# A stupid question



## Pikache (7 Jan 2004)

What does ‘NoDuff‘ mean?

I know it has something do with an accident and casualties, but that‘s about it.


----------



## Spr.Earl (7 Jan 2004)

NOT A STUPID QUESTION AT ALL!!!   
EVERY ONE MUST KNOW THIS!!!!  :threat:  

Used for Emergencies over the Net when a accident happen‘s on Ex.

On Ex used to clear the Rad. Net of all traffic to get your emergency call out.
If heard you stay off the net and listen in case you can go and give assistance. 

Example = 0 this is Echo 69er NO DUFF,NO DUFF.
Once all station‘s hear NO DUFF they should stop transmiting to let you have priority on the NET to transmit the perticuler‘s.

Example = Dust Off at Grid  @#$% -  *&^%
Then explain the injuries and help needed as the help will get the info while on the way.

It‘s a brief description but hope it help‘s.


----------



## chrisp1j (7 Jan 2004)

Yeah, he‘s right, its very, very serious. No Duff, means somthing is really really wrong.


----------



## Garry (8 Jan 2004)

correct, but with a slight amplification:

"No Duff" is roughly equal to "no fooling"- a way to differentiate between excercise input and real life. 

An exercise may well have simulated casualties, which would require action.

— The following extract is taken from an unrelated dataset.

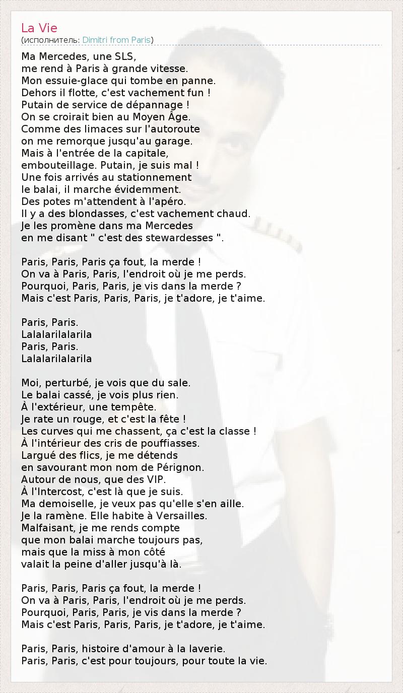 Но это Париж, Париж, Париж, я тебя обожаю, я тебя люблю.

In the event that a real casualty occurs, there must be a way to diferentiate: hence the "no duff" call/preface. "No Duff" lets all concerned know that the following message is real.

May also be heard in the Mess in response to a particularly exciting story ("really?" "No duff Bud!") Conversly, bad information/disinformation may be referred to as "duff" or "bad gen".

Weird world we live in, eh?


----------



## Garry (8 Jan 2004)

On reflection, "No Duff" may also be heard if there is no beer at Moe‘s.


----------



## chrisp1j (8 Jan 2004)

Right on Garry, well put.


----------



## Pikache (8 Jan 2004)

Cool. Thanks.


----------



## Spr.Earl (8 Jan 2004)

> Originally posted by Garry:
> [qb] On reflection, "No Duff" may also be heard if there is no beer at Moe‘s.
> 
> [/qb]


We just yell "NO F‘N BEER"


----------



## Spr.Earl (8 Jan 2004)

ALL REMEMBER!! 

If your the Rad. Op. and a NO DUFF happen‘s 
"ALWAY‘S GIVE YOUR GRID FIRST!!!!"

Even though your 0 call sign will only give the C.P.‘s Loc,this is Not YOUR LOC.!!!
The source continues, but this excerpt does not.